The vulnerability lives in algif_aead, the kernel module that exposes AEAD (authenticated encryption with associated data) operations to userspace through the AF_ALG socket interface. When you pair an AF_ALG socket with splice(), the kernel places page-cache pages directly into a writable scatter-gather list as an in-place optimization introduced in 2017 (commit 72548b093ee3). The result: an unprivileged process can write four controlled bytes to any readable page in the system’s page cache — including the in-memory copy of a setuid binary like /usr/bin/su.

Why 732 Bytes Is Enough

The exploit is deterministic. It doesn’t race anything or bet on kernel ASLR positions. The target is the page cache itself, which backs in-memory copies of files.
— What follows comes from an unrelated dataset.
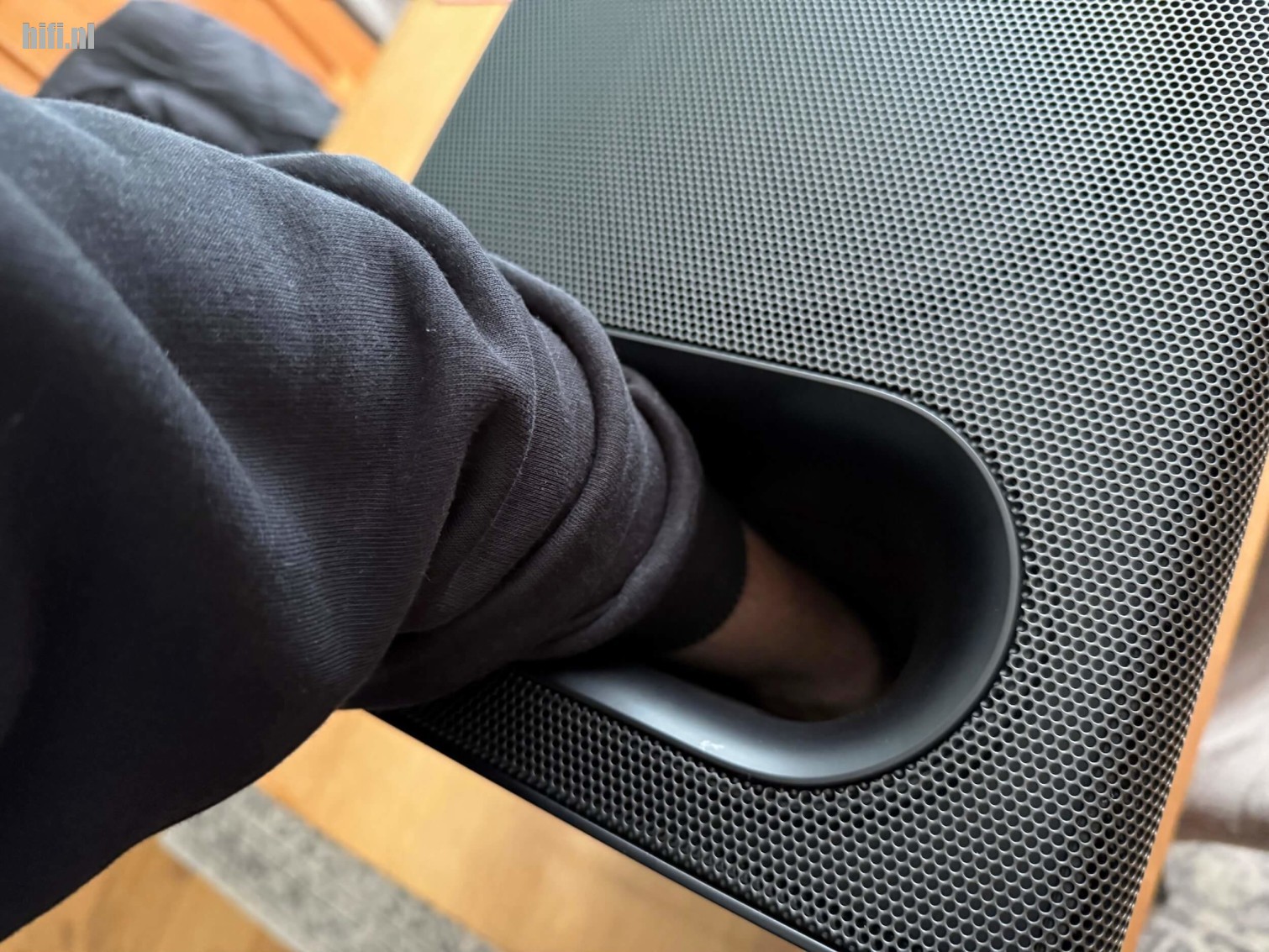 Tijdens de reviewperiode maak ik me wel zorgen over de ruime reflexpoort van de subwoofer. Niet omdat hier een flinke partij laag uitkomt, maar vooral omdat deze net genoeg ruimte biedt om een jonge kitten te verlijden erin te kruipen. Eenmaal opgesloten komt er namelijk meer dan een blikje kattenvoer aan te pas om deze weer in je armen te sluiten. Gelukkig heeft Sony de elektronica in een separaat compartiment gescheiden zodat het natte neusje de netspanning terminals niet nieuwsgierig kan onderzoeken en de “Schrödingers kat” theorie niet aan de praktijk wordt getoetst. Wanneer een jonge kitten klem komt te zitten in de poort, dan zie ik echt niet zo snel mogelijkheden om deze er zelf ongeschonden uit te krijgen. Om de subwoofer met kitten en al met PostNL mee te geven om deze bij de technische dienst van Sony te laten bevrijden klinkt ook niet erg diervriendelijk. Hiervoor werkt PostNL niet snel genoeg. Hier had ik dus liever een rooster of een neerwaarts vurende reflexpoort gezien die het onmogelijk maakt om nieuwsgierige huisdieren te verleiden.

By calling AF_ALG with the authencesn(hmac(sha256),cbc(aes)) algorithm template, the kernel’s scatter-gather logic oversteps the intended output buffer and writes four bytes into the chained page-cache page of any readable file. The attacker targets a setuid binary, overwrites a critical byte in its in-memory copy, and runs it. Because the kernel page cache reflects the modified bytes, the next execve of that binary uses the modified version — with the SUID bit still set.

The upstream fix (mainline commit a664bf3d603d, merged April 1) simply reverts the 2017 in-place optimization. The bug was present for nine years before discovery, which is why CISA added it to their Known Exploited Vulnerabilities catalog on May 4 with a May 15 remediation deadline for federal agencies.

The Cloud and Container Blast Radius

On a traditional server the threat model is clear: any shell access — a web shell in a compromised app, a misconfigured SSH key, an RCE in a background service — can immediately escalate to root. In cloud and container environments it gets worse.

The page cache is shared across containers on the same host. Microsoft’s security team ran a detailed analysis and concluded the vulnerability “allows unauthorized escalation of privileges to root, impacting a significant portion of cloud Linux workloads and millions of Kubernetes clusters.” A process inside a container that achieves local code execution can target setuid binaries within the container filesystem, then use the resulting root privileges to escape to the host.

Copy Fail doesn’t provide remote code execution by itself — it amplifies whatever foothold an attacker already has. Microsoft’s guidance is pointed: “Treat any container RCE as potential host compromise and enforce rapid node recycling after compromise indicators.”

Affected Systems and Patch Status

Every Linux kernel from version 4.14 (2017) through 6.19.12 is affected. That spans essentially every production Linux workload running today.

Patch status as of May 7:

  • Ubuntu: Fixes available via sudo apt update && sudo apt upgrade. The Ubuntu Security Team also released an interim kmod package that disables the affected module without requiring a reboot. Ubuntu 26.04 (Resolute) ships an unaffected kernel.
  • Debian: Patched in kernel 6.12.85-1 (Trixie) and 6.1.170-1 (Bookworm) via the security repository.
  • RHEL / AlmaLinux / Rocky Linux: AlmaLinux published patched kernels using the upstream revert. Red Hat lists the CVE on their security tracker; check dnf updateinfo list security for your release.
  • Amazon Linux 2023 / SUSE 16 / Fedora / Arch: All affected — monitor your distro’s security channel.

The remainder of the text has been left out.